Mississippi Gov. Phil Bryant signed the “Church Protection Act” into law on Friday. Churches now have a right to organize their own “security programs,” the members of which have permission to bring guns into church and shoot to kill. The team members are protected from charges of murder and from threat of civil liability.
Every Church Has A Right To A Gun-Enforced ‘Security Program’
That part of the bill gives the right to individuals, selected by the church’s governing body and who already have a firearms permit, to act in defense of the congregation in a church or “place of worship.” It specifies that they will undergo training in the safe handling and use of firearms in order to be eligible to join the security program. Some prohibitions on who is eligible are spelled out. For instance, the measure bans felons and habitual drug users.
These free-wheeling security programs are bad enough news for the proliferation of arbitrary gun use, but another section of the brand-new law has especially raised fear and outrage from both gun reform groups and the police. The worst part of the legislation lets anyone carry a holstered gun without any kind of permit or license. Section 2 specifies:
“A license * * * under this section is not required for a loaded or unloaded pistol or revolver to be carried upon the person in a sheath, belt holster or shoulder holster or in a purse, handbag, satchel, other similar bag or briefcase or fully enclosed case if the person is not engaged in criminal activity other than a misdemeanor traffic offense.”
Shirley Hopkins Davis, leader of the local chapter of Moms Demand Action for Gun Sense in America, said:
“Our Governor failed us today … Dismantling the system that requires a permit to carry a concealed handgun in public flies in the face of public safety and common sense.”
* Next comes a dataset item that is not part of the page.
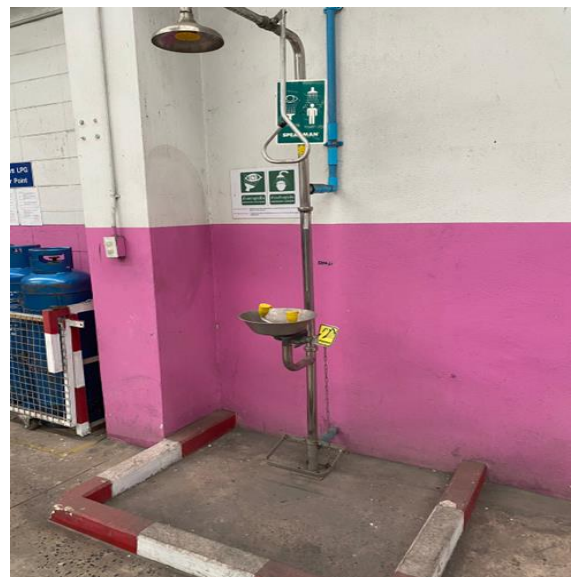
รูปที่ 2.1-30 ที่ชำระล้างสารเคมีอันตราย ที่ล้างมือและล้างหน้า

Much of America would agree with a loud, ‘Well, duh!’ What kind of public safety policy leaves a state’s law enforcement officers feeling like their lives are at additional, and unnecessary, risk?
Common Sense In Public Spaces? Too Much To Ask!
Ken Winter, executive director of the Mississippi Association of Police Chiefs, voiced his objections to the law back in February:
“This bill would put law-enforcement officers and all Mississippians directly in harm’s way.”
Then again, in April, Winter sounded a warning to the Associated Press, pointing out that law enforcement was going to have a heck of a time trying to figure out who was “engaged in wrongdoing,” and that officers would face an elevated “threat level.”
Did the warnings make any difference? Of course not. We’re talking about Mississippi — the Hospitality State, if you can believe that.
The person whose voice did get heard is Baptist Minister Andy Gipson, the Republican state representative who wrote the law. Gipson lauded the bill’s signing on Facebook, as well as praising the extension of the Castle Doctrine to churches. That doctrine provides authorization for the use of force against an intruder in one’s “abode”, along with immunity from liability for the consequences.
Gipson refrained from adding any “Hallalujahs!” However, he did write a hearty “Thank you Gov. Bryant!” in his post.
The “Church Protection Act” was created in response to the shooting deaths of nine people last year in a Charleston, South Carolina church — three whole states away from Mississippi, but deemed a “necessary” reason for the legislation anyway. While reasonable people called for gun control reform in response to the massacre, Mississippi decided to turn their state into “the wild, wild West,” as Shirley Davis put it.
Of course, the National Rifle Association was exultant, along with Rep. Gipson, over their “big win.” Chris W. Cox, executive director of the organization’s Institute for Legislative Action, said:
“It’s a great day for law-abiding gun owners in Mississippi. This will allow them to carry firearms for personal protection in the manner that best suits their needs.”
But to hell with what “best suits” the needs of law enforcement officers, much less Mississippians who have been put “in harm’s way.” But that’s Mississippi — consistent to the core in its lack of “common sense.”